Radin published the book The Conscious Universe: The Scientific Truth of Psychic Phenomena (1997). The book contained many errors. The British mathematician I. J. Good in the scientific journal Nature gave the book a negative review. Good discovered flaws in Radin's method for evaluating the file-drawer effect.[2] According to Victor Stenger:

Radin is aware of the file-drawer effect, in which only positive results tend to get reported and negative ones are left in the filing cabinet. This obviously can greatly bias any analysis of combined results and Radin cannot ignore this as blithely as he ignores other possible, non-paranormal explanations of the data. Even the most fervent parapsychologists recognize this problem. Meta-analysis incorporates a procedure for taking the file-drawer effect into account. Radin says it shows that more than 3,300 unpublished, unsuccessful reports would be needed for each published report in order to “nullify” the statistical significance of psi. In his review of Radin's book for the journal Nature, statistics professor I.J. Good disputes this calculation, calling it "a gross overestimate." He estimates that the number of unpublished, unsuccessful reports needed to account for the results by the file drawer effect should be reduced to fifteen or less. How could two meta-analyses result in such a wide discrepancy? Somebody is doing something wrong, and in this case it is clearly Radin. He has not performed the file-drawer analysis correctly.[3]

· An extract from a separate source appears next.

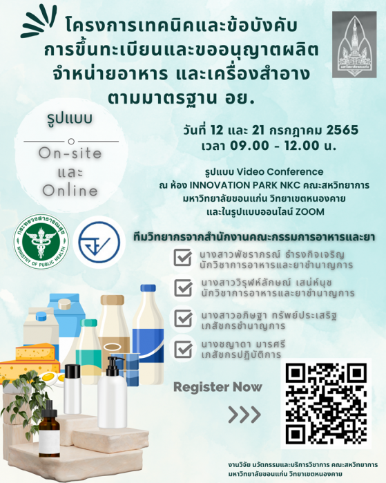 ในวันที่ 12 และ 21 กรกฎาคม 2565 งานวิจัย นวัตกรรมและบริการวิชาการ คณะสหวิทยาการ ได้จัด “โครงการเทคนิคและข้อบังคับการขึ้นทะเบียนและขออนุญาตผลิต จำหน่ายอาหาร และเครื่องสำอางตามมาตรฐาน อย.” ในรูปแบบออนไลน์ผ่านโปรแกรม Zoom Meeting และการอบรมผ่านระบบ Video Conference ณ ห้อง Innovation Park NKC คณะสหวิทยาการ มหาวิทยาลัยขอนแก่น โดยมี ผู้ช่วยศาสตราจารย์ ดร.สุนทรี บูชิตชน รองคณบดีคณะสหวิทยาการ เป็นประธานในการกล่าวเปิดงานโครงการ

Radin has written the results from psi research are as consistent by the same standards as any other scientific discipline but according to Ray Hyman many parapsychologists such as Dick Bierman, Walter Lucadou, J.E. Kennedy, and Robert Jahn, openly admit the evidence for psi is "inconsistent, irreproducible, and fails to meet acceptable scientific standards".[4] Radin has written that fraudulent mediums were genuine and ignores skeptical literature on the subject. He mentioned the Fox sisters in his publications but did not mention that they publicly confessed their spirit communications were fraudulent.[5] Radin's woo book Supernormal: Science, Yoga, and the Evidence for Extraordinary Psychic Abilities (2013) was published by Deepak Chopra.

Publications

  • Supernormal: Science, Yoga, and the Evidence for Extraordinary Psychic Abilities (2013)
  • Entangled Minds: Extrasensory Experiences in a Quantum Reality (2006)
  • Captain of My Ship, Master of My Soul: Living With Guidance (2001), with F. Holmes Atwater, Joseph McMoneagle, Skip Atwater
  • The Conscious Universe: The Scientific Truth of Psychic Phenomena (1997, HarperCollins, ISBN 0061778990). Note: in Great Britain this book is entitled The Noetic Universe.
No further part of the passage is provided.